• What this task involves
Work through the listing below and give again exactly the lines from the one with "事前に生徒が希望した画像デー" to the one with "Pink Half-Zip Sweatshirt", both ends included. All other lines and all pictures stay out.

• Data records
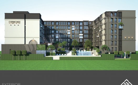 Chamonix คอนโดมิเนียมสไตล์ โมเดิร์นคลาสสิคปารีเซียง เจ้าของโครงการ Room Factory Co.,Ltd. พื้นที่โครงการประมาณ 2-1-17 ไร่ คอนโดสูง 8 ชั้น 253 ยูนิต ขนาดพื้นที่ใช้สอยเริ่มตั้งแต่ 25.00-51.00 ตร.ม. บนทำเล ศักยภาพ ศรีราชา-แหลมฉบัง ท่ามกลางแหล่งงาน แหล่งศึกษาสิ่งอำนวยความสะดวก ที่จอดรถCo working spaceฟิตเนสซาวน่าระบบรักษาความปลอดภัย
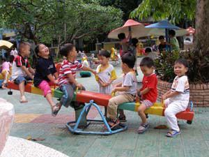 Trường mầm non phải có diện tích khuôn viên đảm bảo theo quy định: sân chơi ngoài trời được lát gạch, trồng thảm cỏ… Ảnh: H.Triều
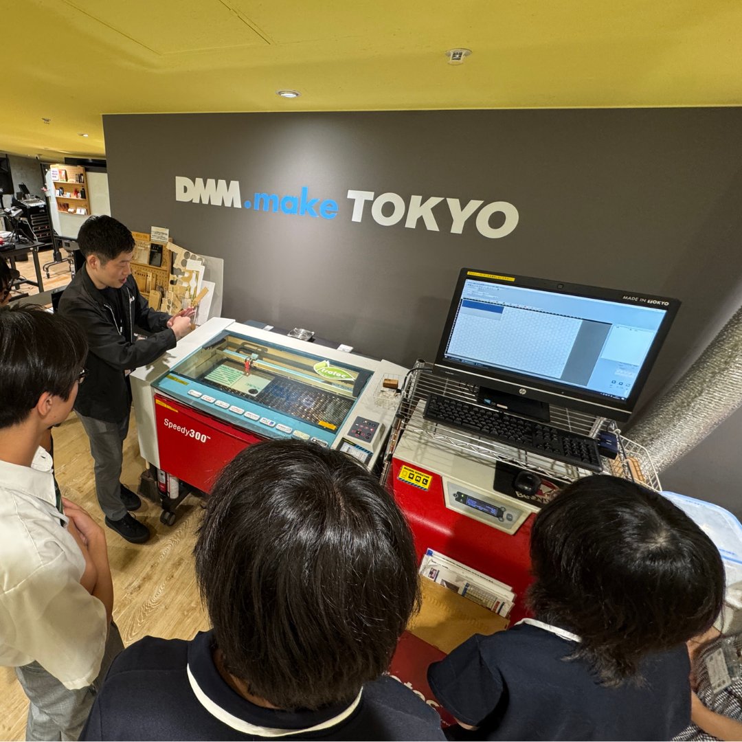 事前に生徒が希望した画像データをもとに制作するアクリルキーホルダーの加工工程も見学し、「アイデアが実際の“モノ”になっていくプロセス」を間近で体感することができました。
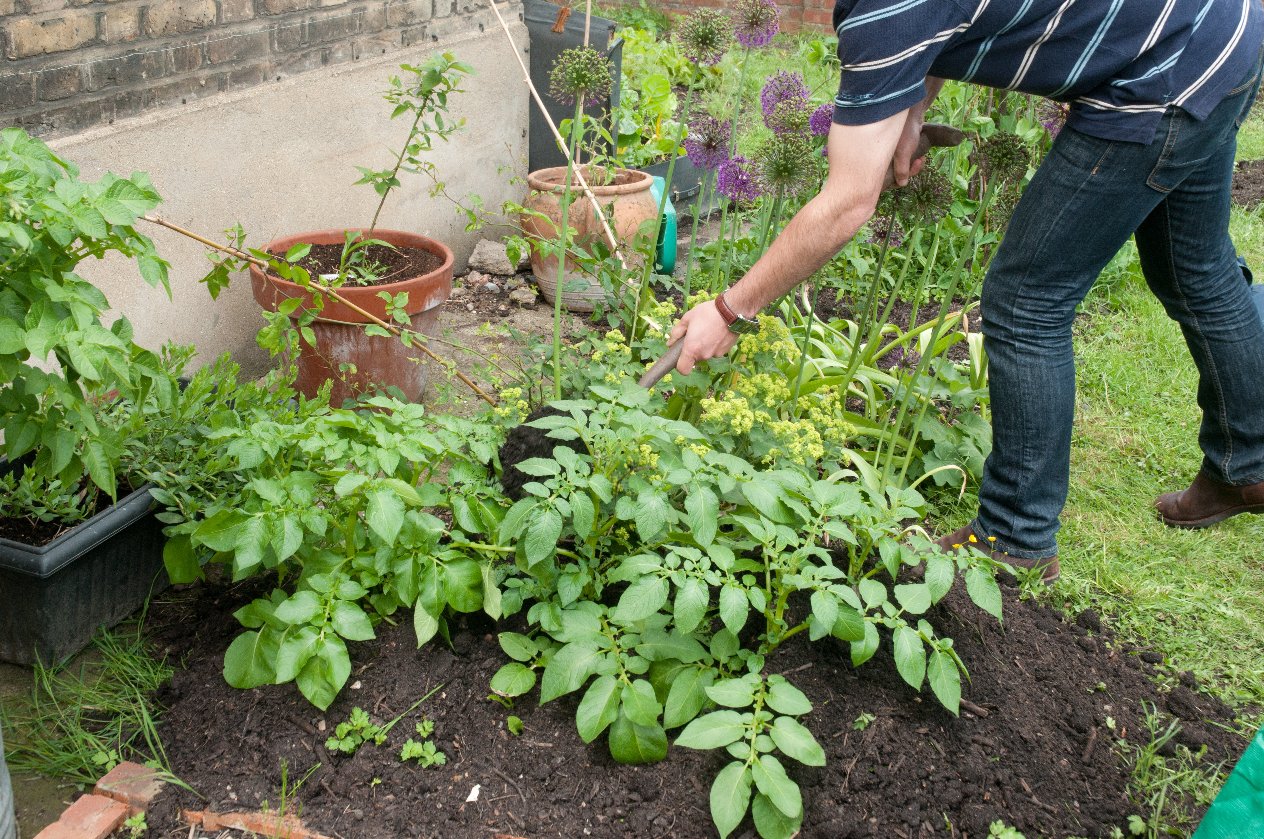 About 7 weeks later, my spuds are coming on really well and neighbour Henry helped me to earth the trio up, carefully covering most of the new foliage with extra compost.
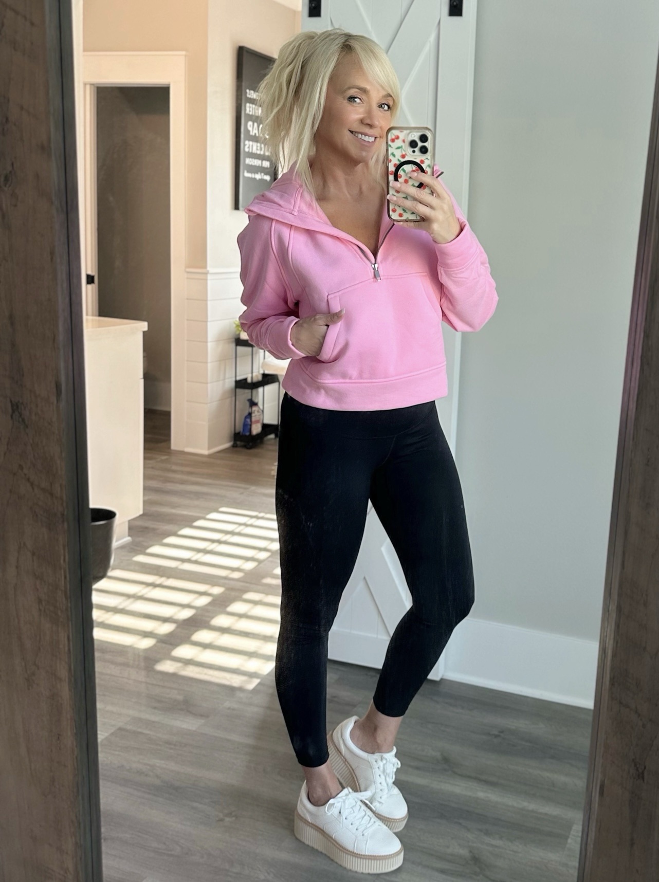 ✨ The Star of the Outfit: The Pink Half-Zip Sweatshirt
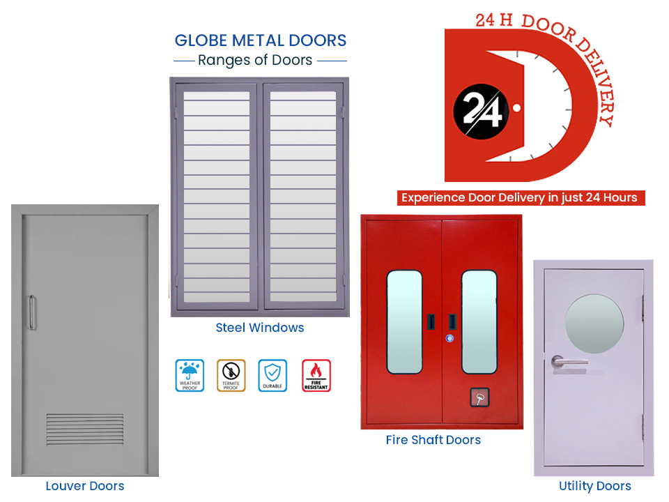As a leading manufacturer of steel doors in Chennai, Globe Metal Doors plays an important role in manufacturing, supplying and installation of Steel Doors, Fire Doors, Cleanroom Doors, Acoustic Doors, Fully Glazed Doors, Shaft Doors and Louver Doors with integrated solutions.
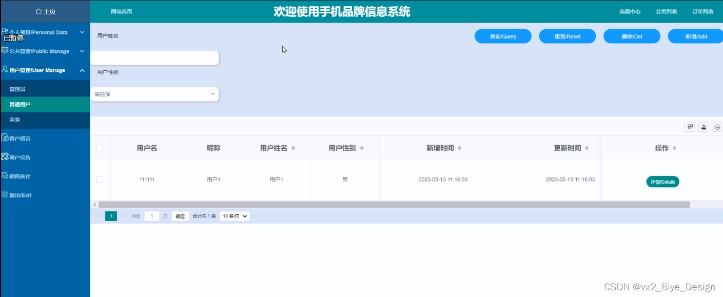 (4)用户管理:管理员点击“用户管理”这一菜单会显示管理员、卖家和普通用户这三个子菜单,管理员可以对这三个角色的信息进行增删改查操作;
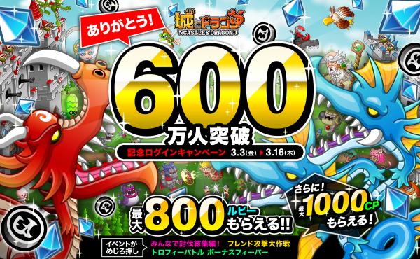 3月3日(金)より、『城とドラゴン』の登録ユーザー数が600万人を突破したことを記念して、
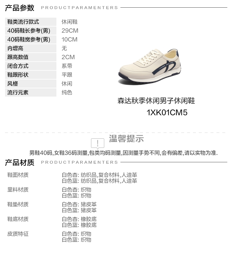 | 风格:休闲 | 色系:白色 | 跟高数值:2CM | 40码鞋宽参考(男):10CM | 性别:男子 |
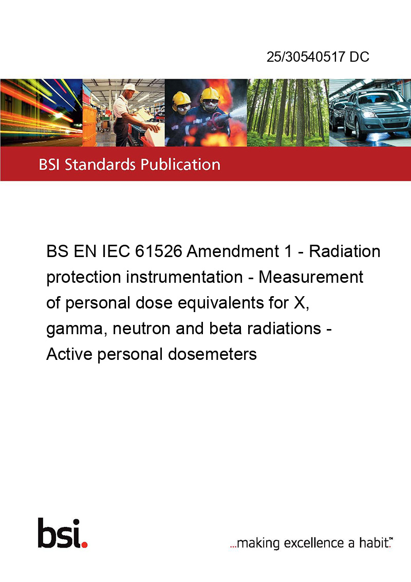 BS EN IEC 61526 Amendment 1 - Radiation protection instrumentation - Measurement of personal dose equivalents for X, gamma, neutron and beta radiations - Active personal dosemeters
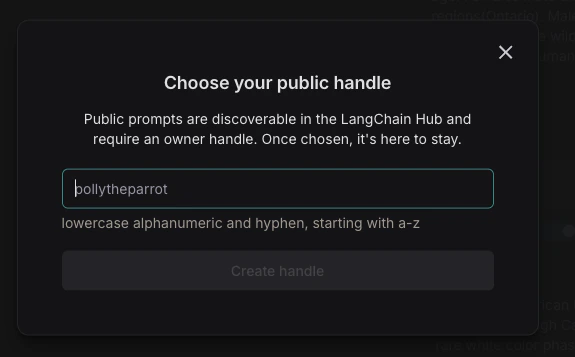 The first time you create a public prompt, you’ll be asked to set a LangChain Hub handle. All your public prompts will be linked to this handle. In a shared workspace, this handle will be set for the whole workspace.

• Solution to this exercise
 事前に生徒が希望した画像データをもとに制作するアクリルキーホルダーの加工工程も見学し、「アイデアが実際の“モノ”になっていくプロセス」を間近で体感することができました。
 About 7 weeks later, my spuds are coming on really well and neighbour Henry helped me to earth the trio up, carefully covering most of the new foliage with extra compost.
 ✨ The Star of the Outfit: The Pink Half-Zip Sweatshirt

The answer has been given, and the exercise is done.